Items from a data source
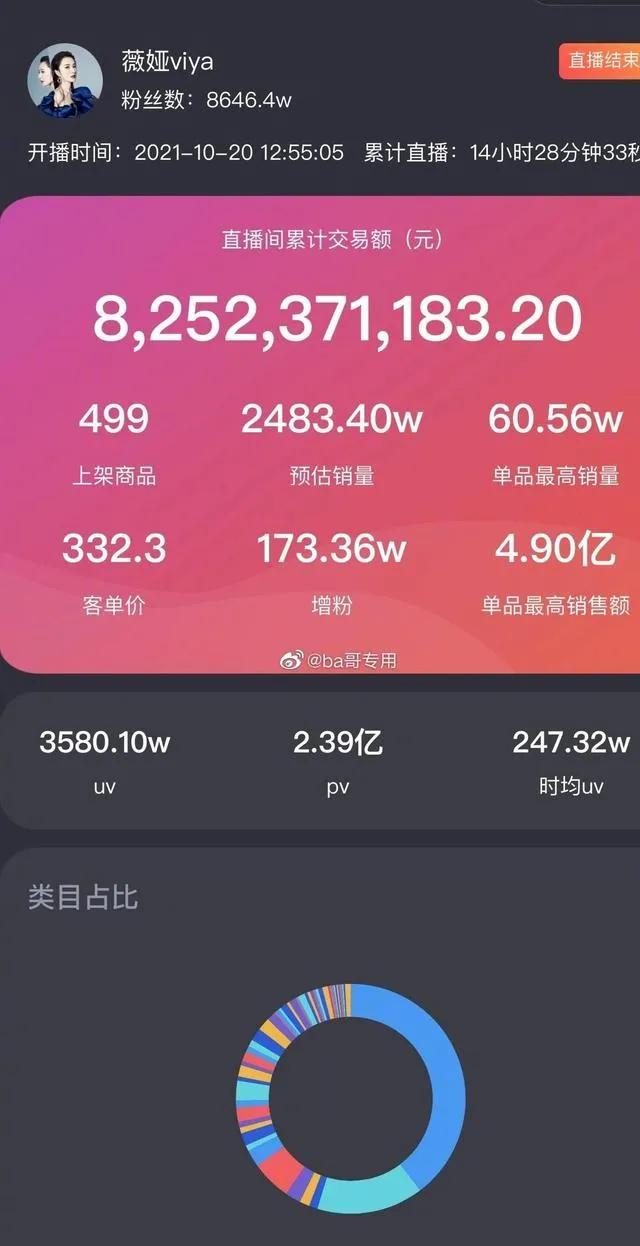 在10月20日下午开始的直播,12个半小时的时间里,李佳琦直播间成交额达106.5亿元。薇娅比李佳琦提前半小时开播,一天内的成交额也达82.5亿元。
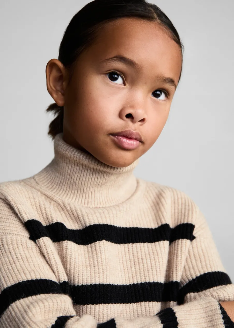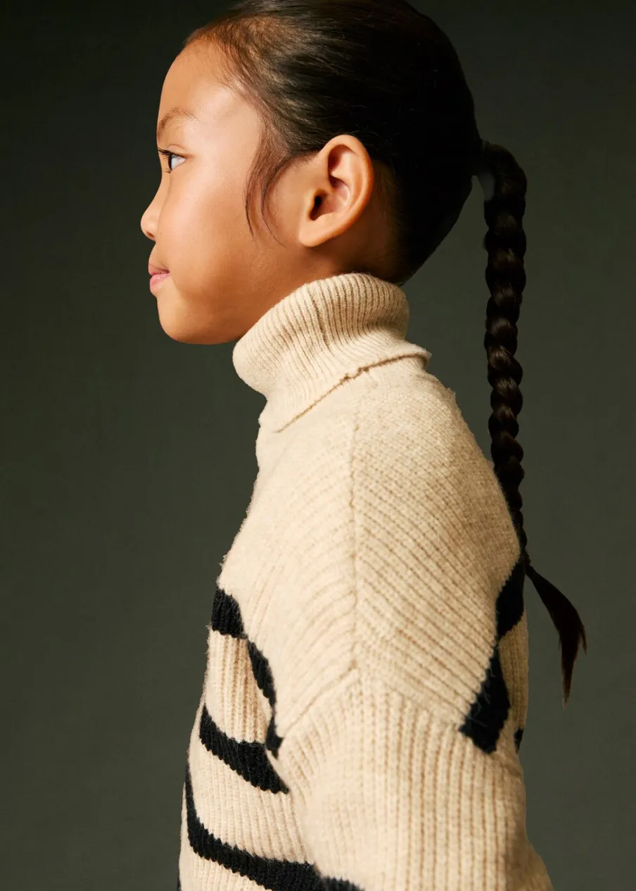 OpisTkanina z grubej dzianiny. Model prosty. Wzór w paski. Golf. Długi rękaw.
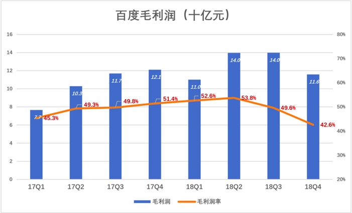 收结构变迁造成毛利润率的波动。2018年Q3毛利润140亿,毛利润率50%;Q4毛利润116亿,毛利润率42.6%。
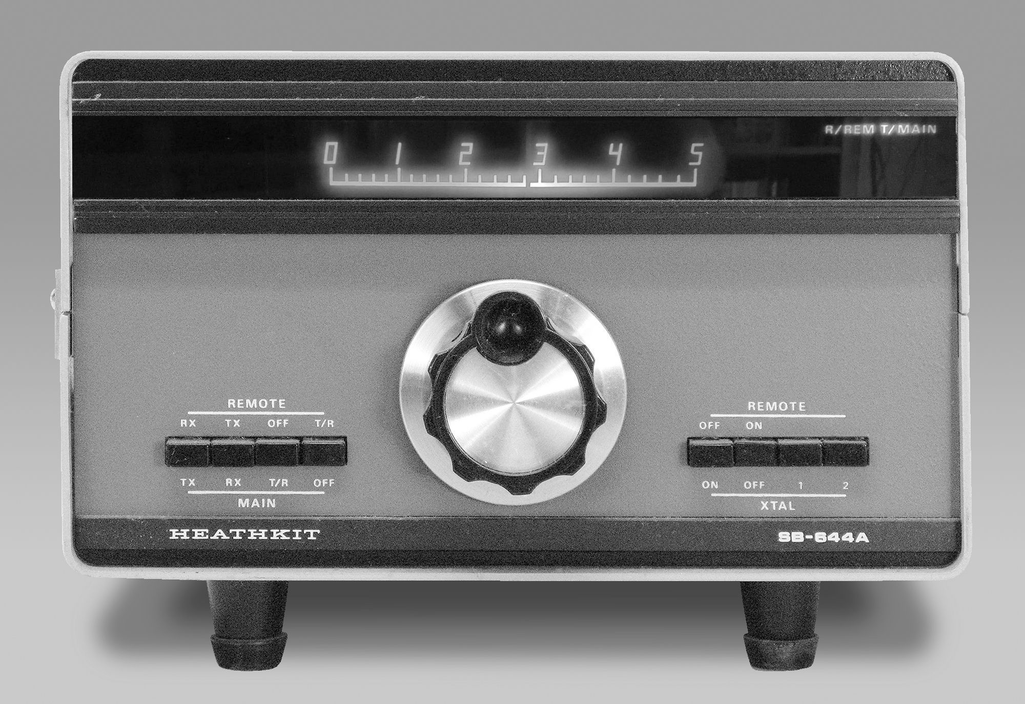 The SB-644(A) permits transceiving from either the SB-104 or the SB-644(A) as well as split operation. Unlike the SB-640, the 644(A) also permits control of either the transmit or receive frequency from the remote VFO with the SB-104 controlling the other. The 644(A) also permits operation on one of two crystal frequencies. Crystals used are the smaller HC-25U type, rather than the HC-6U, which Heath had used previously.
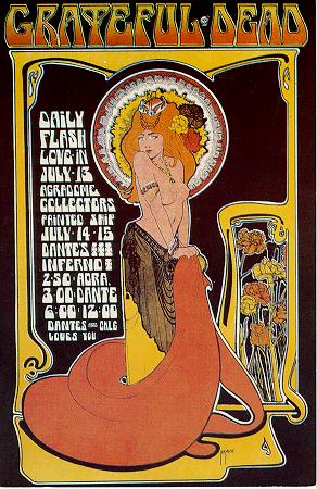 BM: The art of the turn of the century is my greatest love. In part, I saw posters as a way to turn people on to Mucha, to Art Nouveau. I mixed the style with psychedelic lettering, creating a new mixture.
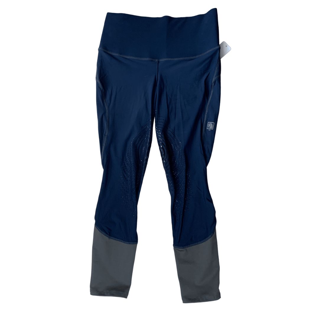 Buttery soft, ultra comfortable riding tights that are made to move with you. Constructed of durable light weight, compression performance fabric featuring a high waist belly band that holds you in place and offers a flattering fit. Sporty sculpting accent seams and beautifully detailed silicone seat for security in the saddle.
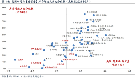 年初以来,美国耐用品的出货与订单需求也开始有企稳迹象,除了地产复苏带来的后周期耐用品消费需求提升之外,整体较低的库存水平也是支撑耐用品需求企稳的一大关键因素。

▶ **Task statement**:
In the copy, every entry appears exactly as written above and no picture appears.

▶ **Your response**:
 在10月20日下午开始的直播,12个半小时的时间里,李佳琦直播间成交额达106.5亿元。薇娅比李佳琦提前半小时开播,一天内的成交额也达82.5亿元。
 OpisTkanina z grubej dzianiny. Model prosty. Wzór w paski. Golf. Długi rękaw.
 收结构变迁造成毛利润率的波动。2018年Q3毛利润140亿,毛利润率50%;Q4毛利润116亿,毛利润率42.6%。
 The SB-644(A) permits transceiving from either the SB-104 or the SB-644(A) as well as split operation. Unlike the SB-640, the 644(A) also permits control of either the transmit or receive frequency from the remote VFO with the SB-104 controlling the other. The 644(A) also permits operation on one of two crystal frequencies. Crystals used are the smaller HC-25U type, rather than the HC-6U, which Heath had used previously.
 BM: The art of the turn of the century is my greatest love. In part, I saw posters as a way to turn people on to Mucha, to Art Nouveau. I mixed the style with psychedelic lettering, creating a new mixture.
 Buttery soft, ultra comfortable riding tights that are made to move with you. Constructed of durable light weight, compression performance fabric featuring a high waist belly band that holds you in place and offers a flattering fit. Sporty sculpting accent seams and beautifully detailed silicone seat for security in the saddle.
 年初以来,美国耐用品的出货与订单需求也开始有企稳迹象,除了地产复苏带来的后周期耐用品消费需求提升之外,整体较低的库存水平也是支撑耐用品需求企稳的一大关键因素。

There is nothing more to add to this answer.